Stored records
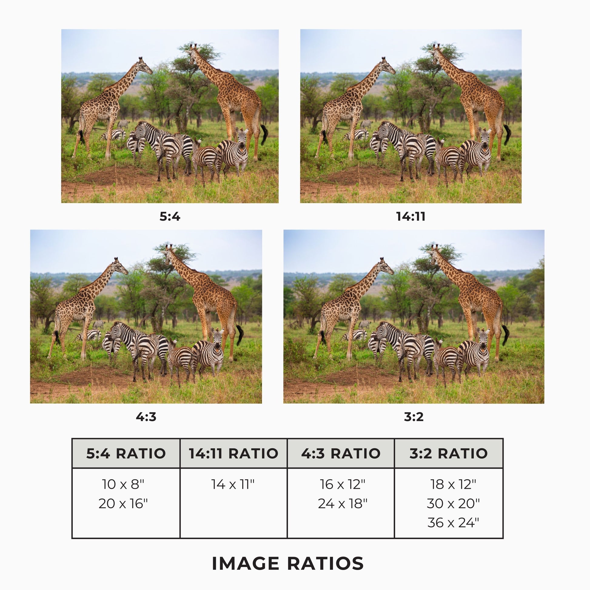 The print sizes available are designed to fit a variety of ready-made frame sizes that are available in stores. These different sizes will result in cropping of the original image. To ensure you're happy with the final look, please refer to the example image of how the artwork will appear in each size option.
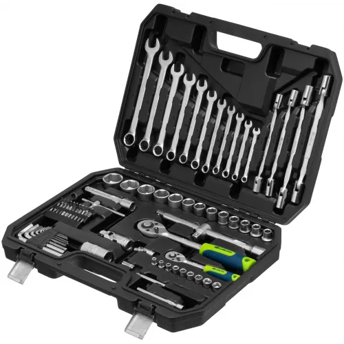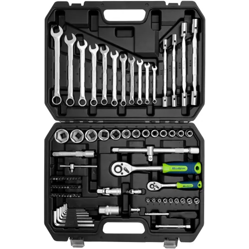 | Описание | Набор инструментов Сибртех 13396 упакован в пластиковый кейс и состоит из 89 предметов с присоединительным размером 1/2" и 1/4", предназначенных для монтажа и демонтажа резьбового крепежа с разными типами шлицев. В комплект поставки входят карданы, удлинители и шарнирные ключи. |
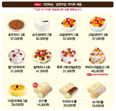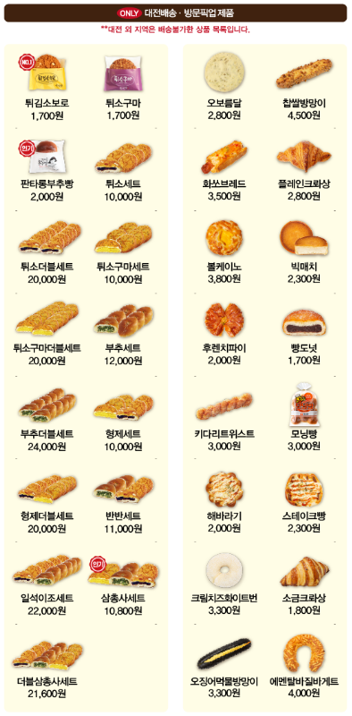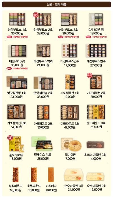 ✅ Only 표시된 성심당 부르스 1호, 성심당 부르스 3호, 0시 50분 떡, 대전역(16구)은 대전지역만 배송
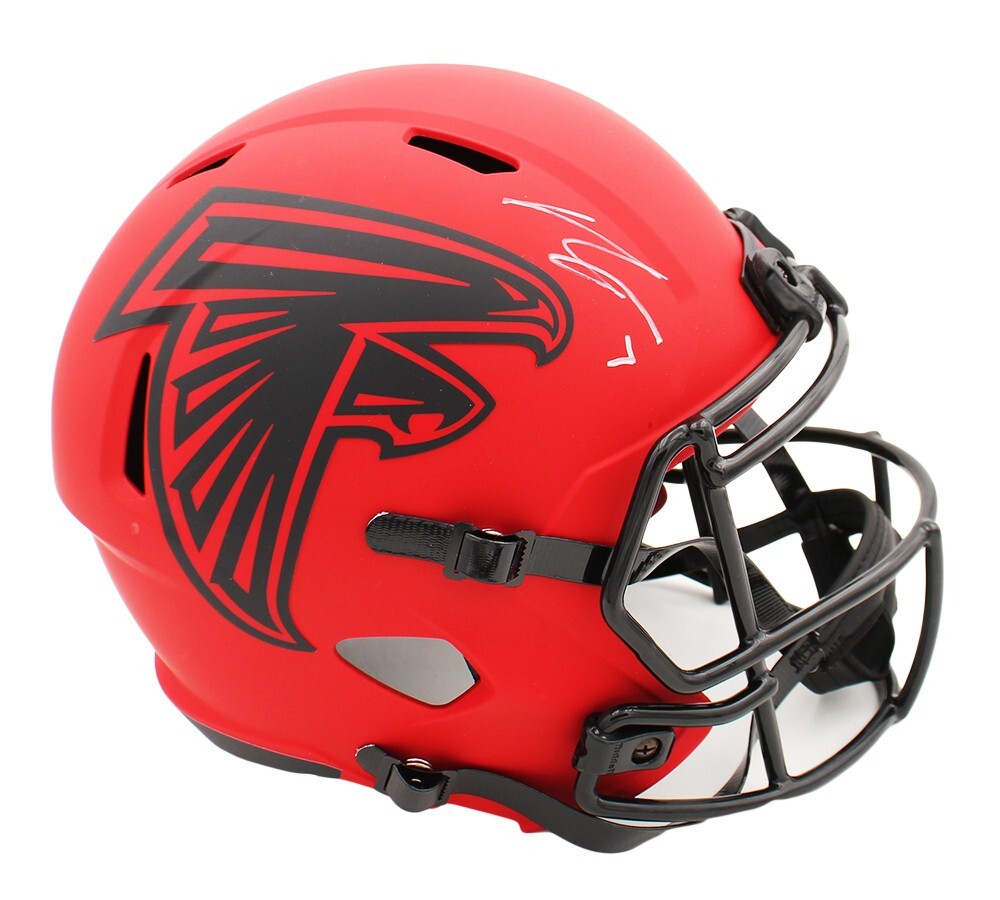 An Atlanta Falcons Speed Replica Rave NFL Helmet hand signed by Bijan Robinson. The item and signature are in excellent condition. Bijan is a football running back for the Atlanta Falcons. He played college football for the Texas Longhorns. AUTHENTICATION: Your item is tagged with a SmarTag Powered by Prova Technology, which gives you digital access to your items authentication records, including a proof picture from the signing.
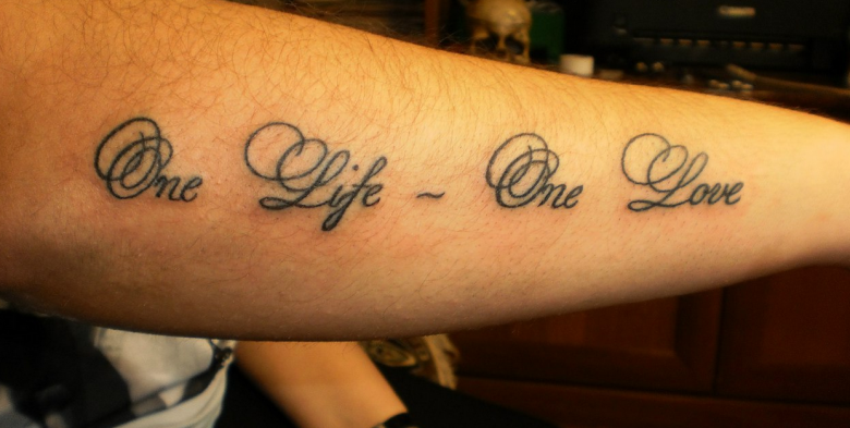 Le texte du tatouage peut être dans n'importe quelle langue. Par exemple, si l'on souhaite représenter un tatouage de vie en anglais, en français et dans d'autres langues, la traduction doit être soigneusement étudiée. Sinon, il y a un risque de recevoir un mauvais message.
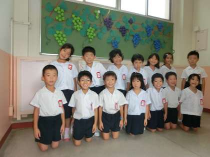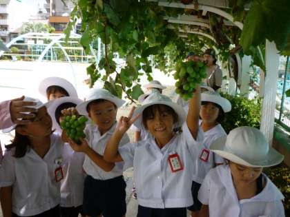 プールの横にあるぶどう棚には、熟れたぶどうの実がいっぱい。先日、1年生がぶどうの収穫をしました。そして、ちょっと味見。とてもおいしかったようです。

• [WORK INSTRUCTION]: Each line from the one that holds "Le texte du" through the final line of the data must be retyped exactly; the pictures must not appear.

• [ANSWER SECTION]:
 Le texte du tatouage peut être dans n'importe quelle langue. Par exemple, si l'on souhaite représenter un tatouage de vie en anglais, en français et dans d'autres langues, la traduction doit être soigneusement étudiée. Sinon, il y a un risque de recevoir un mauvais message.
 プールの横にあるぶどう棚には、熟れたぶどうの実がいっぱい。先日、1年生がぶどうの収穫をしました。そして、ちょっと味見。とてもおいしかったようです。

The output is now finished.